Separately from my other reply explaining that you are not the source of what I’m complaining about here, I thought I’d add more color to explain why I think my assessment here is not “hyperbolic”. Specifically, regarding your claim that reducing AI x-risk through coordination is “not only fine to suggest, but completely uncontroversial accepted wisdom”, please see the OP. Perhaps you have not witnessed such conversations yourself, but I have been party to many of these:
In other words, I’ve seen people in AI governance being called or treated as “delusional” by loads of people (1-2 dozen?) core to the LessWrong community (not you). I wouldn’t say by a majority, but by an influential minority to say the least, and by more people than would be fair to call “just institution X” for any X, or “just person Y and their friends” for any Y. The pattern is strong enough that for me, pointing to governance as an approach to existential safety on LessWrong indeed feels fraught, because influential people (online or offline) will respond to the idea as “delusional” as Katja puts it. Being called delusional is stressful, and hence “fraught”.

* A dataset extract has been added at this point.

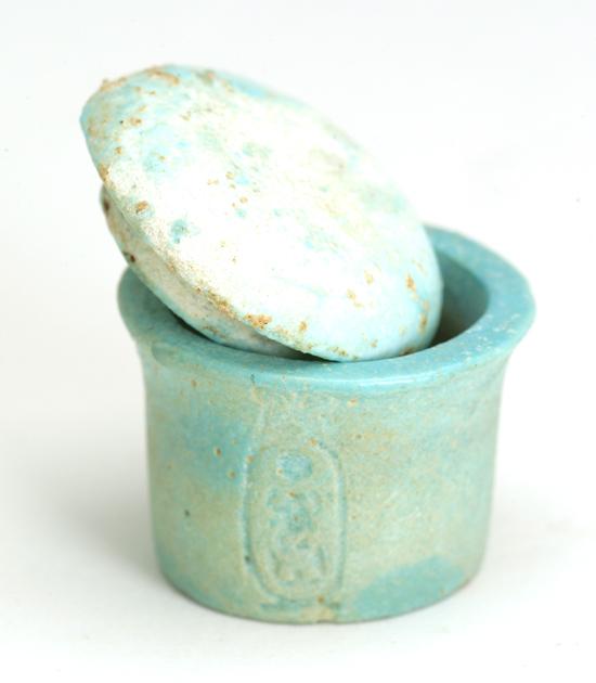 Egyptian green glaze faience Lidded Vessel of Nectanebo I. Late Period, XXX th Dynasty, 380-362 B.C. Turquoise-green in color, cylindrical in form, the exterior inscribed with the cartouche of Nectanebo I with convex lid fitted to the interior. Very Rare. Height: 1".

@Oliver, the same goes for your way of referring to sentences you disagree with as “crazy”, such as here.
Generally speaking, on the LessWrong blog itself I’ve observed too many instances of people using insults in response to dissenting views on the epistemic health of the LessWrong community, and receiving applause and karma for doing so, for me to think that there’s not a pattern or problem here.
That’s not to say I think LessWrong has this problem worse than other online communities (i.e., using insults or treating people as ‘crazy’ or ‘delusional’ for dissenting or questioning the status quo); only that I think it’s a problem worth addressing, and a problem I see strongly at play on the topic of coordination and governance.
Just to clarify, the statements that I described as crazy were not statements you professed, but statements that you said I or “the LessWrong community” believe. I am not sure whether that got across (since like, in that context it doesn’t really make sense to say I described sentences I disagree with as crazy, since like, I don’t think you believe those sentences either, that’s why you are criticizing them).
It did not get accross! Interesting. Procedurally I still object to calling people’s arguments “crazy”, but selfishly I guess I’m glad they were not my arguments? At a meta level though I’m still concerned that LessWrong culture is too quick to write off views as “crazy”. Even the the “coordination is delusional”-type views that Katja highlights in her post do not seem “crazy” to me, more like misguided or scarred or something, in a way that warrants a closer look but not being called “crazy”.
Oops, yeah, sorry about that not coming across.
Seems plausible that LessWrong culture is too quick to write off views as “crazy”, though I have a bunch of conflicting feeling here. Might be worth going into at some point.
I do think there is something pretty qualitatively different about calling a paraphrase or an ITT of my own opinions “crazy” than to call someone’s actual opinion crazy. In-general my sense is for reacting to paraphrases it’s less bad for the social dynamics to give an honest impression and more important to give a blunt evocative reaction, but I’ll still try to clarify more in the future when I am referring to the meat of my interlocutors opinion vs. their representation of my opinion.